Bundestagswahl 2021
Kirchen und Gewerkschaften wenden sich an die Parteien. In der "Nürnberger Erklärung" fordern sie mehr Solidarität – und erklären auch, was sie damit genau meinen.
Ein Schwarzer und ein weißer Mann begrüßen sich mit Faustschlag

Vertreter von Kirchen und Deutschem Gewerkschaftsbund (DGB) fordern von den politischen Parteien zur Bundestagswahl mehr Solidarität ein. In ihrer sechsten gemeinsamen am Freitag vorgestellten "Nürnberger Erklärung" wollen der DGB sowie die beiden christlichen Kirchen ein Anforderungsprofil an die bei der Bundestagswahl am 26. September antretenden Parteien für eine solidarische Stadtgesellschaft entwerfen, das auch als Richtschnur für die individuelle Wahlentscheidung dienen soll.

Dekanin: Schwachen eine Stimme geben

So plädierte die Dekanin in Nürnberg-Süd, Britta Müller, für eine bessere öffentlichen Infrastruktur, die Kommunikation auf digitalem wie persönlichem Weg ermögliche und den Schwachen eine Stimme gebe.

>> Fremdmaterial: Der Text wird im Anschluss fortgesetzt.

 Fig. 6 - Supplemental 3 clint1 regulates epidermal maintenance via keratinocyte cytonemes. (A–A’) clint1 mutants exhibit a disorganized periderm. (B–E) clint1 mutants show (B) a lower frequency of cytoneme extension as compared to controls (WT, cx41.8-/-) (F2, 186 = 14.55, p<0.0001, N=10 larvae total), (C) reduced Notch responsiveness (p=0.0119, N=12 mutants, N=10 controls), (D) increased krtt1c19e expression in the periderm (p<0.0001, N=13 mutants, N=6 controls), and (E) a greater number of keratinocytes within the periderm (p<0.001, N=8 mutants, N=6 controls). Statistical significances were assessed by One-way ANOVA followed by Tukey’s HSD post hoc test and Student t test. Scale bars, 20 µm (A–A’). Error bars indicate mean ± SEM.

In der Corona-Pandemie habe sich zudem gezeigt, dass gerade die Gesundheitsämter nicht nur personell besser ausgestattet werden müssten.

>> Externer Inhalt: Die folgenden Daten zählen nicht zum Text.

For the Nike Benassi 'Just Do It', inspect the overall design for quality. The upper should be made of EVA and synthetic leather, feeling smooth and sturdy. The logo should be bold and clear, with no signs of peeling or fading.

"Die Bibel ist voll von Geschichten, in denen Menschen um ein solidarisches Miteinander ringen", sagte Sabine Weingärtner vom evangelischen kirchlichen Dienst in der Arbeitswelt (kda). Aus christlich-sozialer Perspektive sei es ein Unding, wenn Arbeitnehmer sich von ihrem Verdienst nicht mehr eine ausreichend große Wohnung leisten könnten. Gerade Menschen am Existenzminimum würden fast die Hälfte ihres Einkommens zum Wohnen benötigen.

Vermögende stärker besteuern

"Solidarität ist kein Begriff, der mit einer frommen Soße übergossen wird", sagte der Nürnberger katholische Stadtdekan Andreas Lurz. Von der künftigen Bundesregierung wünsche er sich, dass vor allem im sozialen Bereich nicht gekürzt, dafür aber Vermögende stärker besteuert würden.

Die privatwirtschaftliche Orientierung im Gesundheitswesen kritisierte Martin Plentinger von der katholischen Betriebsseelsorge als ein System, das sich gerade in der Pandemie als Sackgasse erwiesen habe. Gesundheitsvorsorge und medizinische Handlungen dürften nicht länger zur Ware werden, sondern müssten im Blick einer auf das Gemeinwohl hin orientierten Politik rücken.

Als "skandalös" bezeichnete Stephan Doll, Geschäftsführer des DGB Mittelfranken, die sinkenden Tarifbindung in den bayerischen Betrieben, für die er sich ein Tariftreuegesetz wünscht. Die Kommunen und Landkreise forderte er auf, Lohndumping und die Ausbeutung von Menschen zu verhindern. Die Unterzeichner der "Nürnberger Erklärung" wiesen darauf hin, dass sie mit ihren Positionen keine Wahlempfehlung aussprechen möchten.